Posted by Justine Tiu, Google Classroom User Experience Designer
(Cross-posted on the Google for Education Blog.)
Matthew Agrall teaches fifth grade at South Elementary School in Des Plaines, Illinois. He juggles teaching all core subjects, leading before-school tutoring, managing fifth grade patrol, participating in student council and playing volleyball in his “free time.”
This is why we created
Google Classroom—to help busy teachers like Matt spend less time on logistics and more time on teaching, tutoring and student council-ing. Since we launched Classroom two years ago, we’ve added
more than 50 updates to make it easier to manage assignments, communicate with students and stay organized.
Today, on National Teacher Appreciation Day, to show our thanks for the millions of hardworking teachers like Matthew, we’re making it even easier to stay organized and save time with Classroom.
Schedule ahead, post later
Starting today, teachers can plan ahead by scheduling announcements, assignments and questions to post at a later date or a specific time (great for the early birds who want to get a head start on school planning during the summer ;). Just look for the scheduling option when posting new
assignments, questions and announcements. You can find scheduled and draft posts in the “Saved posts” section of your class stream, and you’ll get email and mobile notifications when your scheduled posts go live.

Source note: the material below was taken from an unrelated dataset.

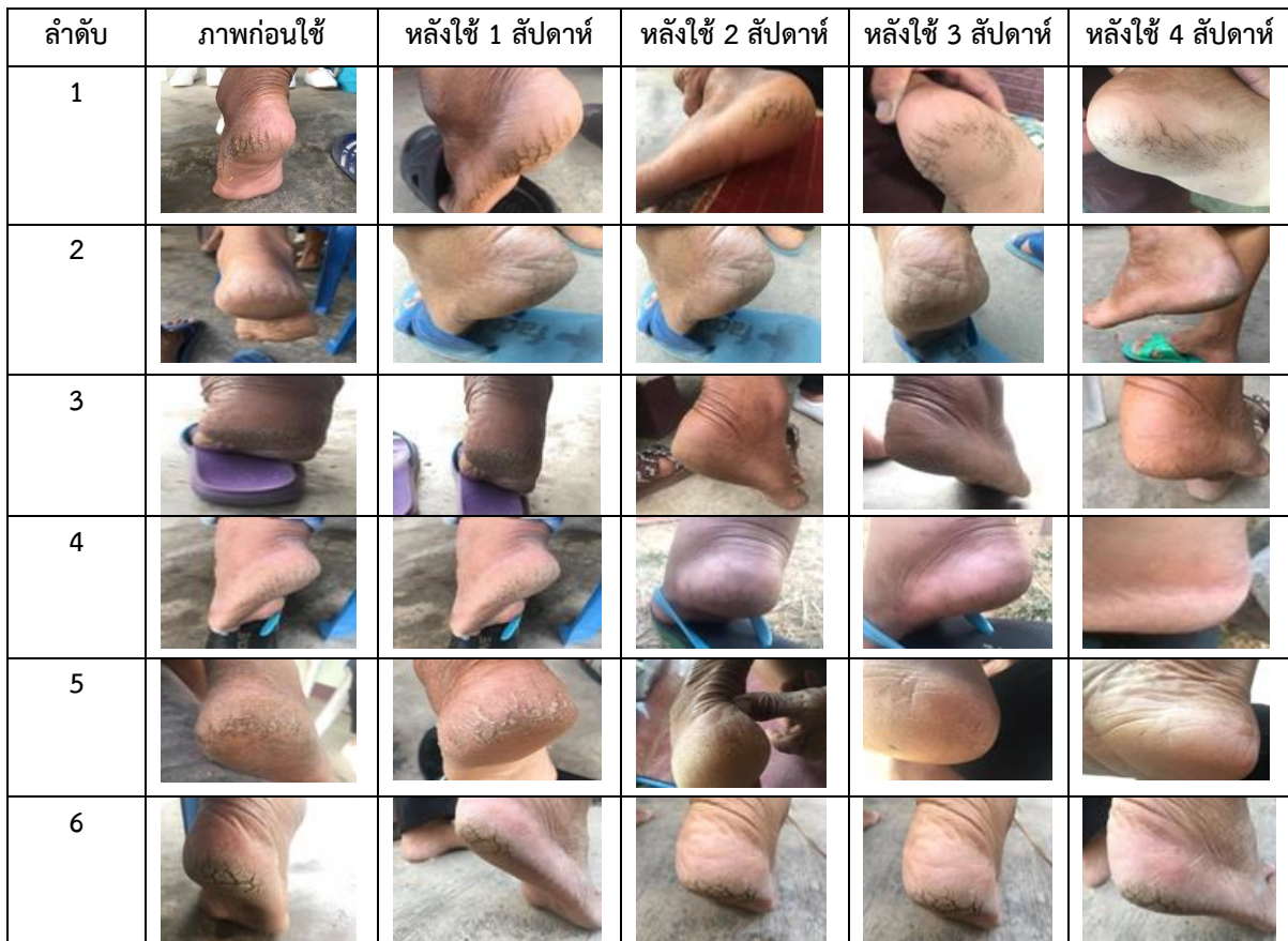
ตารางที่ 2 แสดงการเก็บข้อมูลและเปรียบเทียบก่อนใช้ผลิตภัณฑ์ช่วงสัปดาห์ที่ 1 ถึงหลังใช้สัปดาห์ที่ 4 ณ บ้านชำแฮด หมู่ 9

จากการศึกษา พบว่า ความพึงพอใจในการใช้ผลิตภัณฑ์ลดอาการคันเท้าแตกกลายจากมันแกว และสมุนไพรธรรมชาติโดยรวมอยู่ในระดับชอบมาก ( \bar{x} = 4.09 , S.D. = 0.67) เมื่อพิจารณาเป็นรายข้อพบว่าข้อที่ได้รับความพึงพอใจมากที่สุด คือ ความพึงพอใจที่นำมันแกวมารับเป็นผลิตภัณฑ์ครีม ( \bar{x} = 4.49 , S.D. = 0.63 ) รองลงมา คือ รูปลักษณะภายนอกของผลิตภัณฑ์ ความชอบจากการสัมผัสเนื้อครีม ( \bar{x} = 4.14 , S.D. = 0.73 ) และชอบน้อยที่สุด คือ ประสิทธิภาพหลังใช้ผลิตภัณฑ์ใน 4 สัปดาห์ ( \bar{x} = 3.87 , S.D. = 0.72 )

We’re also adding new updates to
Classroom over the next week—all designed to help teachers save time and stay organized. Look out for easier-to-read email notifications and updates to our iOS and Android apps.
Coming this fall: keeping parents and guardians in the loop
We know parents and guardians are instrumental to student success at school. And to the school leaders and teachers who’ve told us they need an easy way to keep guardians updated with what’s happening in Classroom—we hear you! Later this year, we’ll launch email notifications for guardians so they can stay involved and help to motivate their students.
Guardians will be able to sign-up to receive daily or weekly email digests of their student’s progress, upcoming work and class announcements. Administrators will be able to invite guardians directly and set domain-wide policies for guardian linking and notifications.